Infrastructure renewal

From Alliance Doc
Revision as of 16:33, 20 September 2024 by Diane27 (talk | contribs)
Jump to navigation Jump to search
Other languages:

Major upgrade of our Advanced Research Computing infrastructure[edit]

Our Advanced Research Computing infrastructure is undergoing major changes to always provide better High Performance Computing (HPC) and Cloud services for Canadian researchers. This page will be regularly updated to keep you informed of the activities concerning the transition to the new equipment.
The infrastructure renewal will replace the nearly 80% of our current equipment that is approaching end-of-life. The new equipment will offer faster processing speeds, greater storage capacity, and improved reliability.

The systems involved are

  • Arbutus, cloud
  • Béluga, compute cluster only (not cloud)
  • Cedar, compute cluster and cloud
  • Graham, compute cluster and cloud
  • Niagara, compute cluster

Technical specifications[edit]

Technical specifications for each new system will be provided further down this page in future updates. Generally, they will be similar in architecture to the current systems, but with considerably increased capacity and performance.
For example, we expect to have fewer compute nodes, but each node will have a significant increase in the number of its cores, for an overall increase in the total number of CPU cores.

Impacts[edit]

System outages[edit]

An intense period of work will be conducted in the winter of 2024-2025 and spring of 2025. During the installation and the transition to the new systems, outages will be unavoidable due to constraints on space and electrical power.
We recommend that you consider the possibility of outages when you plan research programs, graduate examinations, etc.

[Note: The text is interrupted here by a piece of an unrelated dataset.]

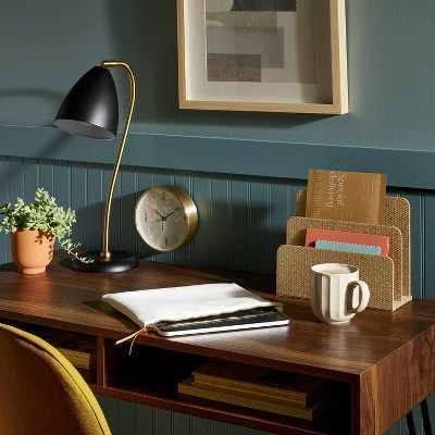 Keep clutter off your work desk with this Woven 2-Slot Letter Sorter from Threshold™. This letter organizer features two open slots to keep letters or paperwork organized yet easily accessible. Showcasing a woven design in a taupe hue with a brown faux-leather accent on the front, it’s sure to bring sleek style to your workstation.

Resource Allocation Competition (RAC)[edit]

The Resource Allocation Competition will be impacted by this transition, but the application process remains the same. Application deadline this year is October 30, 2024.
2024/25 allocations will remain in effect on retiring clusters while each cluster remains in service. The 2025/26 allocations will be implemented everywhere once all new clusters are in service.
Because the old clusters will mostly be out of service before all new ones are available, if you hold both a 2024 and a 2025 RAC award you will experience a period when neither award is available to you. You will be able to compute with your default allocation (def-xxxxxx) on each new cluster as soon as it goes into service, but the 2025 RAC allocations will only become available when all new clusters are in service.

General progress updates[edit]

Sep 13, 2024 The RFP processes for all sites except for Rorqual (replacing Béluga) have been completed, and purchase orders have been sent to vendors. The Rorqual storage Request for Proposals is still open and is scheduled to complete on September 18.

All sites are working on infrastructure design (power and cooling) and implementation. We are expecting some outages throughout the fall for cabling and plumbing upgrades.

Sep 3, 2024 All sites have completed their Requests for Proposals, and are working with the vendors on deliverables and purchase orders.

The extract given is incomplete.